WHAT THE EXERCISE ASKS: Leave out every picture and set down, exactly, the lines below from the one holding "SweetLF Electric Razor" up to and including the one holding "Name of Father".

SOURCE DATA:
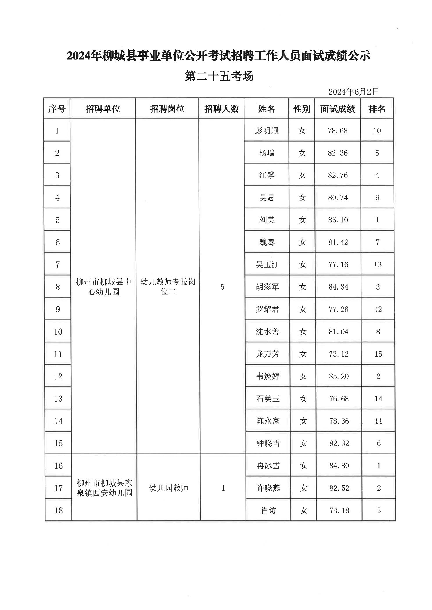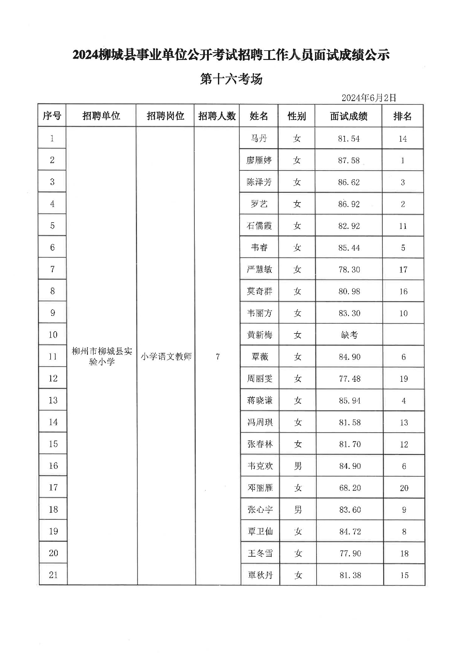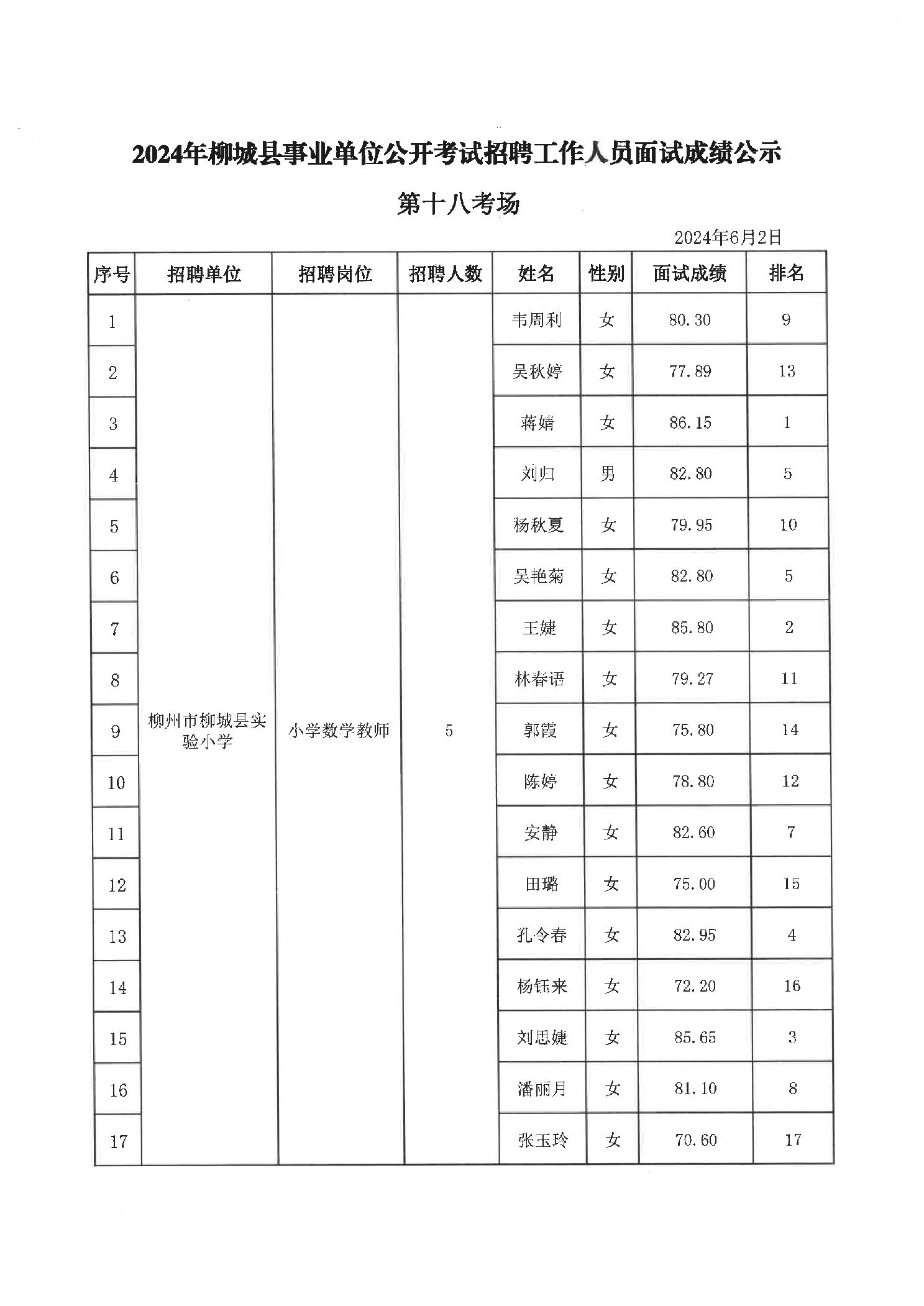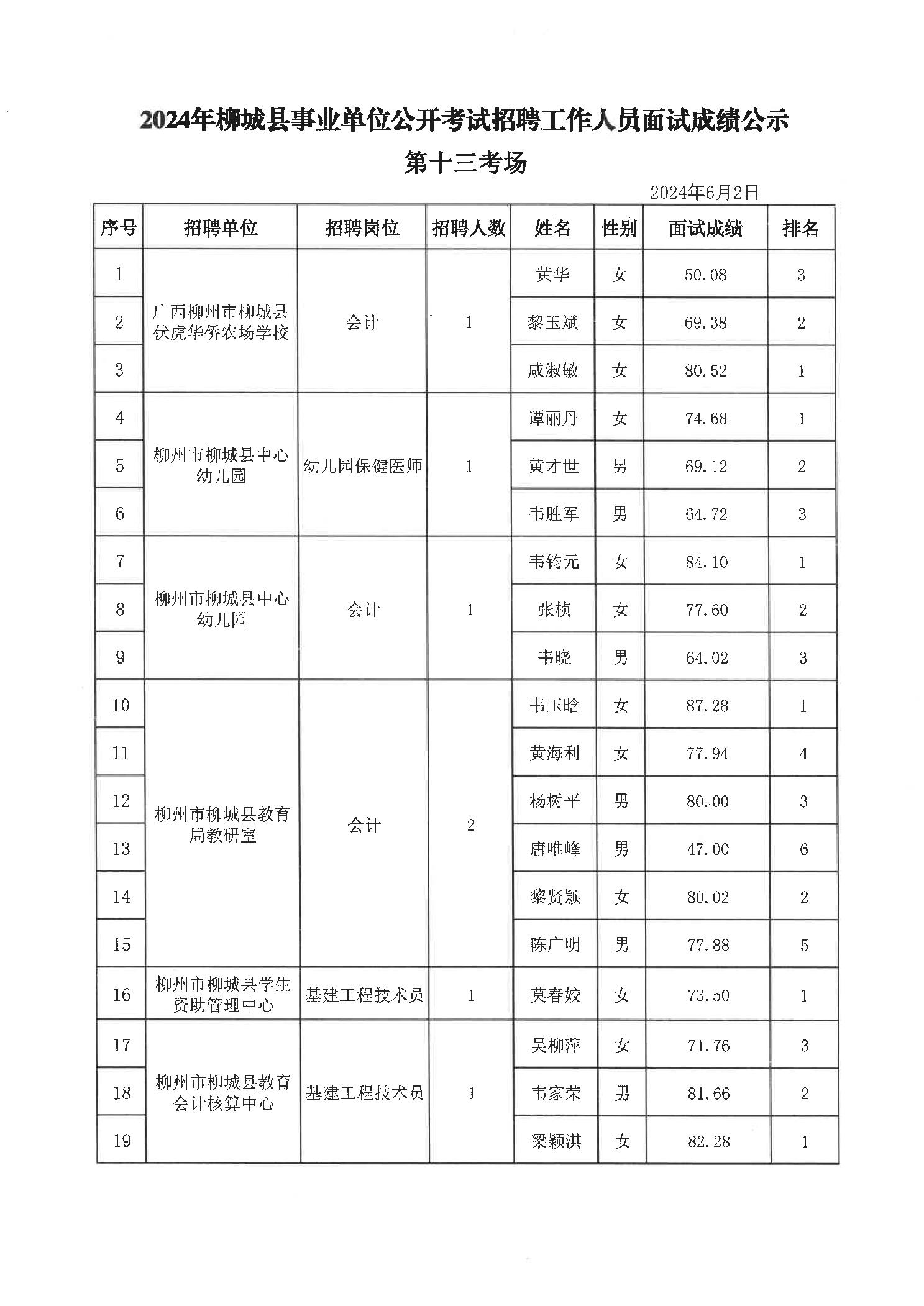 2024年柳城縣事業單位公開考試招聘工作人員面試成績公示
---
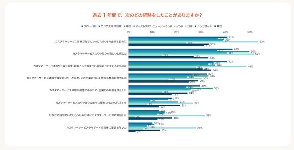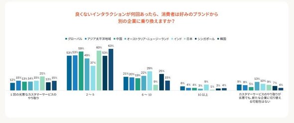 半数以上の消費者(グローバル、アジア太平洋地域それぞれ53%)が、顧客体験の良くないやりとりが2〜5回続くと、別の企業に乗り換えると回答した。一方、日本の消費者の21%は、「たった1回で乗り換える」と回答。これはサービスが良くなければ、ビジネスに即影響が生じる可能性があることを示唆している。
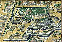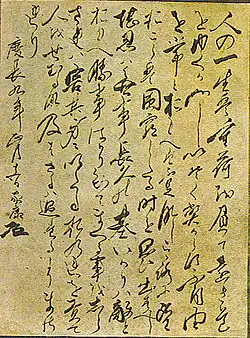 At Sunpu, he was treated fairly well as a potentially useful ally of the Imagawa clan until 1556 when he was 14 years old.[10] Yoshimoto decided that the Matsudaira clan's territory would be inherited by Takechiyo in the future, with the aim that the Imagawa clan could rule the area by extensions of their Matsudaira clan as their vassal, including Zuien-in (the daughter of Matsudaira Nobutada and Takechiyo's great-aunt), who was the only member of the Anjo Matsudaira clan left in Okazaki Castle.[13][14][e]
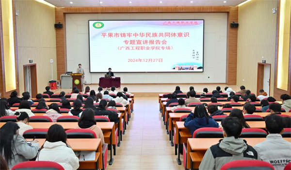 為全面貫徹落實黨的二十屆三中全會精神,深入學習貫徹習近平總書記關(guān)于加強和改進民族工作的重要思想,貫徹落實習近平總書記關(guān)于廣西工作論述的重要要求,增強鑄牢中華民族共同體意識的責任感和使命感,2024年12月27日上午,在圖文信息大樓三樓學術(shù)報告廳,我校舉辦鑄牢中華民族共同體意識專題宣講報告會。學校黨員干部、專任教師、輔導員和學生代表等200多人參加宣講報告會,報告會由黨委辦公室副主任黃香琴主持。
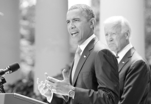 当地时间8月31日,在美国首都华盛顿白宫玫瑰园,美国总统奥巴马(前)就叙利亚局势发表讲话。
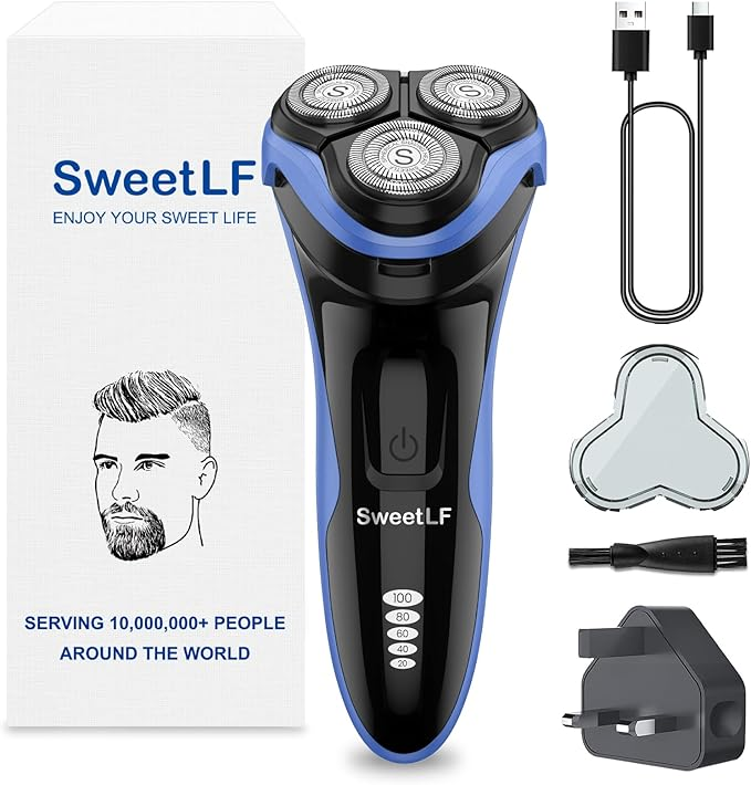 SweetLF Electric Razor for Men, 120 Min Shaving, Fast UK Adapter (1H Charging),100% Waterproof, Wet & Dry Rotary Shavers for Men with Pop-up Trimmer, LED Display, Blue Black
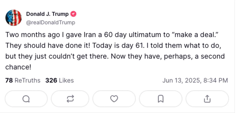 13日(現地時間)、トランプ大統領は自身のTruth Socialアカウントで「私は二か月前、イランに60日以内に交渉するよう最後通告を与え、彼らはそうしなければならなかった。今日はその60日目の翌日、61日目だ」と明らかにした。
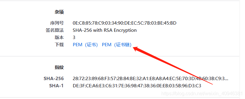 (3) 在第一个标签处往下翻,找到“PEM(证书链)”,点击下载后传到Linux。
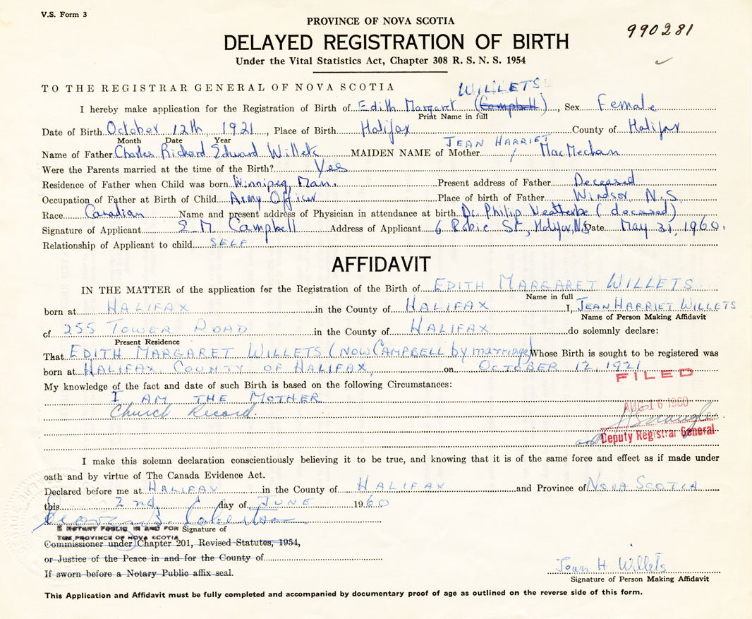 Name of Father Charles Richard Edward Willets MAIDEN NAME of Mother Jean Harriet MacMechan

SOLUTION:
 SweetLF Electric Razor for Men, 120 Min Shaving, Fast UK Adapter (1H Charging),100% Waterproof, Wet & Dry Rotary Shavers for Men with Pop-up Trimmer, LED Display, Blue Black
 13日(現地時間)、トランプ大統領は自身のTruth Socialアカウントで「私は二か月前、イランに60日以内に交渉するよう最後通告を与え、彼らはそうしなければならなかった。今日はその60日目の翌日、61日目だ」と明らかにした。
 (3) 在第一个标签处往下翻,找到“PEM(证书链)”,点击下载后传到Linux。
 Name of Father Charles Richard Edward Willets MAIDEN NAME of Mother Jean Harriet MacMechan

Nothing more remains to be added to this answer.